Friends Journal’s May issue on “Membership” is out. In my opening column I talk about some of the different types of members, official and unofficial:
As the clerk of a small meeting, I find myself frequently juggling these multiple categories of membership. When we had plumbing issues a few months ago, there were lots of emails with a core half-dozen regulars who I can depend on to help with logistics and contacts with local contractors (this group is so consistent that when I go to send a message to one, my email program asks me if I want to include all the others).
When there’s an event coming up, the email list expands to include a small group of recent newcomers who make it to worship a few times a month. Every so often I look over this list to see if there’s someone who’s dropped away, and I’ll take a minute to write them a special email asking how they are and inviting them to attend. I would hate for a semi-regular to drop away and think we hadn’t noticed.
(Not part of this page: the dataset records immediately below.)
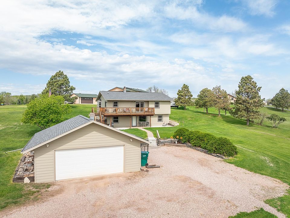 Listed by Pete Jensen, KWBH, 605-484-6713. Loved by the same family for over 35 years, this raised ranch style home has been meticulously maintained and thoughtfully updated! *Situated on a nearly 1 acre lot, this home offers 3 bedrooms, bonus room, 2 remodeled bathrooms and 2,270sqft *Upper level has newer flooring throughout, accented by newer windows and beautiful natural light *A large living room provides great space to relax, and enjoy views through the bay window overlooking the neighborhood *Open concept kitchen has ample cabinet space, quartz countertops, white appliances, unique breakfast bar seating and a convenient walk-in pantry for plenty of storage *2 bedrooms and 1 updated bathroom on the main level *Walkout ground level has newer flooring, an oversized family room conveniently split into two separate areas to use as you wish *1 bedroom, bonus room and a beautifully renovated bathroom complete this level *Outside has an oversized detached 2-car garage with rafter storage and rear workshop space *Nearby gravel pad gives added space for boat or RV parking, plus ample space to add a shop. Recent updates include: sump pump and interior drain installed in 2019, fireplace cleaned in 2022, french drain along the garage exterior, new roof in 2024, HVAC recently serviced, newer laminate flooring, kitchen and bath updates, updated fixtures, recent siding and windows- the list goes on! Located in a quiet neighborhood outside city limits and 15min from Monument Health.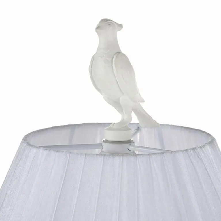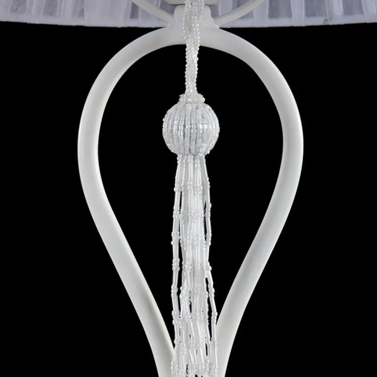 Корпус лампы выполнен из прочного металла с черным матовым покрытием, который прекрасно гармонирует с различными стилями интерьера. Текстильный абажур белого цвета придает светильнику лёгкость и изящество, обеспечивая мягкое и равномерное рассеивание света.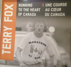 The display features photographs, interviews, press clippings and journal entries from the Marathon of Hope, Fox’s attempt to run across Canada in 1980 to raise awareness about cancer and money for research.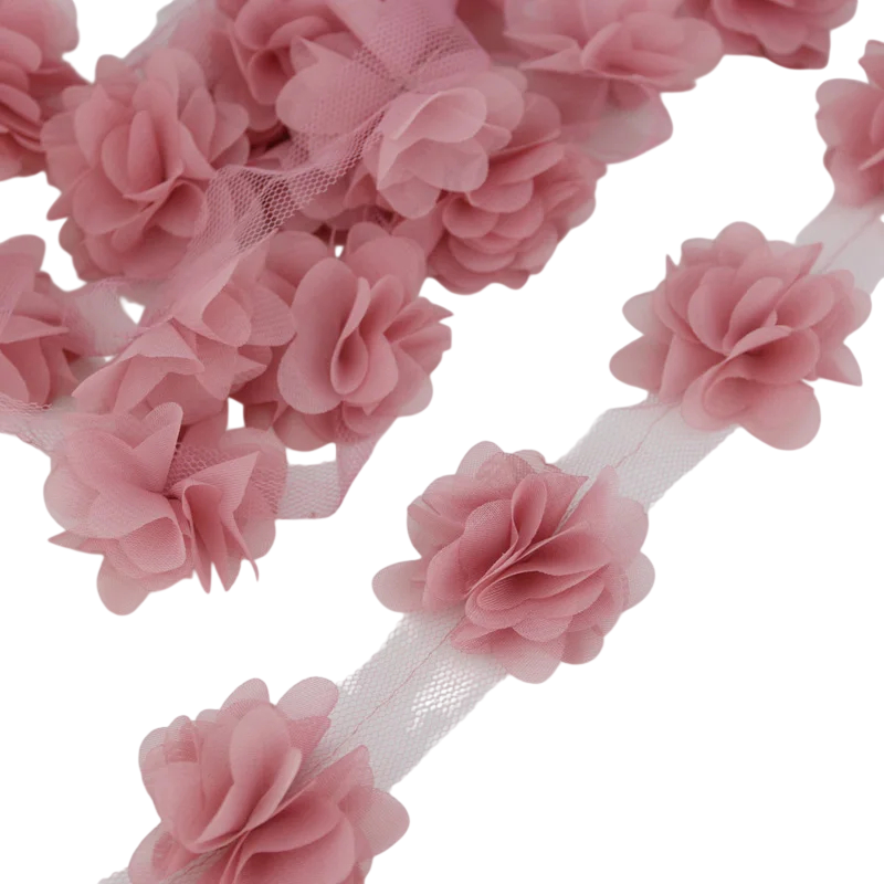 Koristeellinen sifoninen nauha kukkan terälehdillä on ihanteellinen vaatteiden koristeluun, häiden koristeisiin, luoviin DIY-projekteihin ja käsityöhön. Täydellinen kuvaus
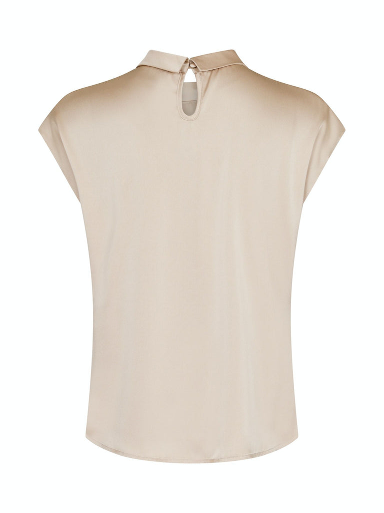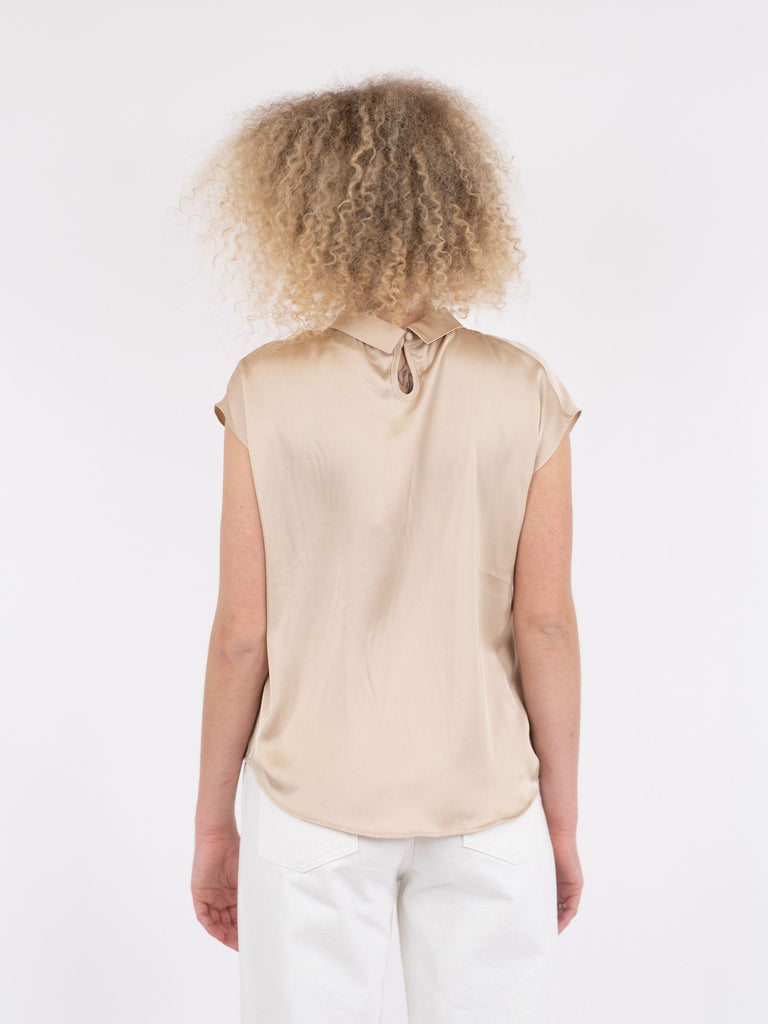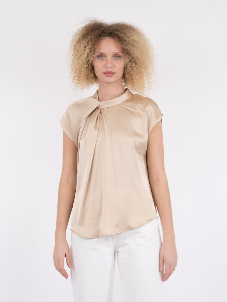 Neo Noir - Fleur Drape Satin Blouse Dark Sand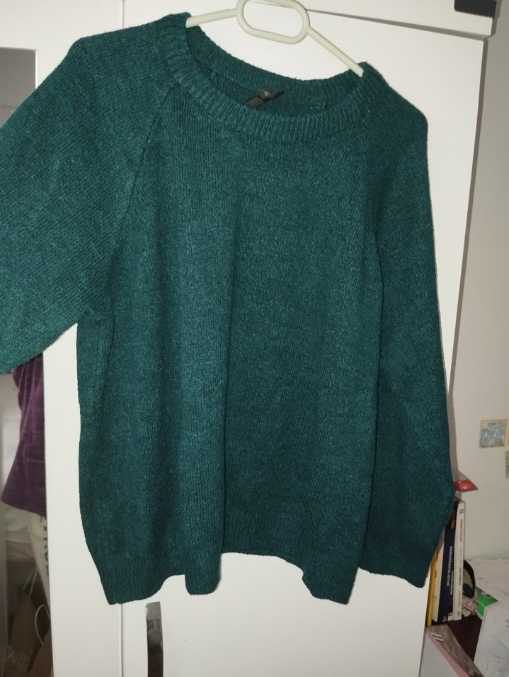 Kadınlar için örgü dokulu, yuvarlak yakalı ve uzun kollu yün kazak. Rahat kesim ve normal boyda, koyu yeşil renkte sade ve desensiz. Günlük kullanıma uygun.
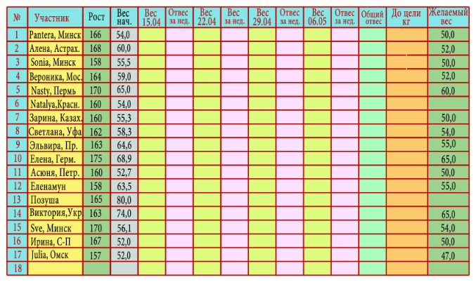 Каждый понедельник каждый из участников марафона будет оставлять запись: свой вес после пройденной недели и что делали чтобы добиться результатов. Все участницы пишут свой вес, под своим индивидуальным номером ( Смотрим табличку). Те девушки, которые не отчитались в течении 2-х недель, из таблички удаляются!!! Если у вас вдруг изменились планы, и вы передумали худеть, прошу сразу меня предупредить...Поберегите мое время!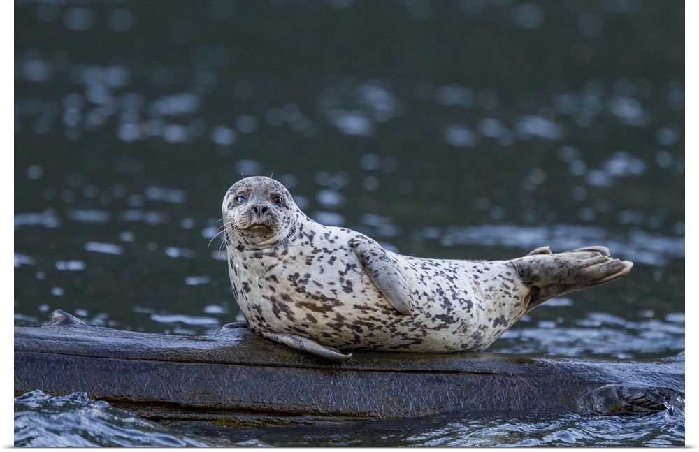 <p>Harbor seal (Phoca vitulina) hauled out on submerged log in Misty Fjords National Monument, Southeast Alaska, United States of America</p>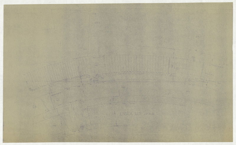 - Tirage à l'encre bleue du plan du projet de construction de l'escalier est - 2ème volée. Plan avec cotes et altitudes Même plan que IRAA_FR_OR_TA_GDFFO_0038 Suite du plan IRAA_FR_OR_TA_GDFFO_0039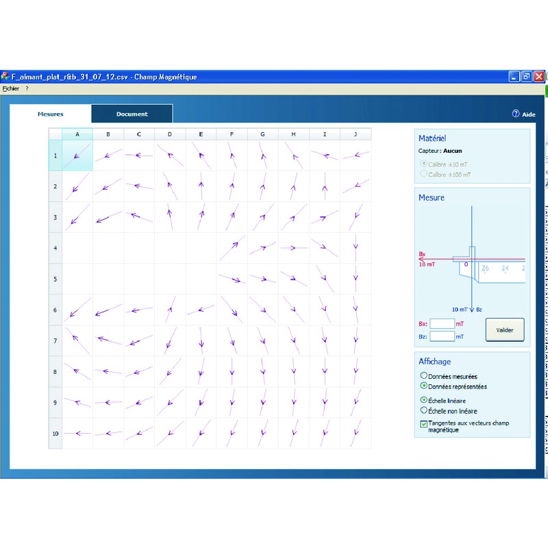 Ce logiciel en trois parties permet l’acquisition et la représentation 2D d’un champ magnétique. À l’aide d’un capteur Teslamètre et d’un aimant de forme quelconque, mesurez le champ magnétique et affichez ses deux composantes, en x et en y, sous forme numérique mais aussi sous forme graphique par une représentation vectorielle 2D.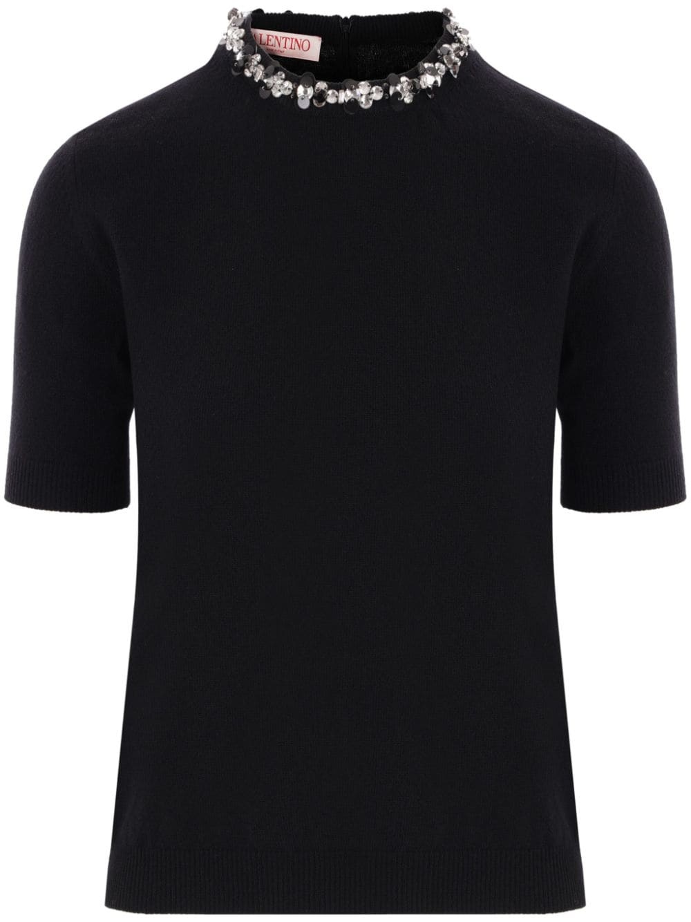 embroidered wool sweater Highlights - Black - Virgin wool - Sequin detailing - High neck - Short sleeves - Straight hem - Concealed rear zip fastening - The model is 176 cm / 5'9'' tall and wears an italian size s Made in Italy Composition Virgin Wool 100% Washing instructions Read Manufacturer Guidelines

There’s also a wide constellation of people who attend once in a proverbial blue moon. Some are members of nearby meetings who occasionally hit us up for a change of pace. Others are local history buffs who will come to hear a particular speaker but make sure to come early because they like their once-a-year Quaker worship. Few of these visitors will ever become regulars but they probably know someone who might, and their word-of-mouth recommendation could help connect a new seeker with our small band.
When it’s time to send out the annual fundraising appeal, I’ll reach out to another, rather special class of members, those at a distance, many of whom I’ve never met. They might hail from one of the founding families of the meeting; perhaps they grew up there themselves and have fond memories. It might be easy to forget about these members but that would be a mistake, as they remind us of the long line of faithful servants who have kept this special community going in the past.
“A Membership That Is Ever Flowing”
I even give a shoutout to the red-shouldered hawk family living in one of our sycamore trees.
Looking back in the archives, we’ve been putting out an issue on membership every four years: Membership and the Generation Gap in 2012, Almost Quaker in 2016, Membership and Friends in 2020. I’m actually surprised at the clockwork precision of our issues, but there’s a good reason we keep coming back to it. The definition of who “we” are is an essential part of our self-identification as Friends. Pretty much everything we do (or fail to do) reflects our implicit assumptions about who’s in and who’s out. Many, perhaps most, of the debates that roil Friends have membership as an element.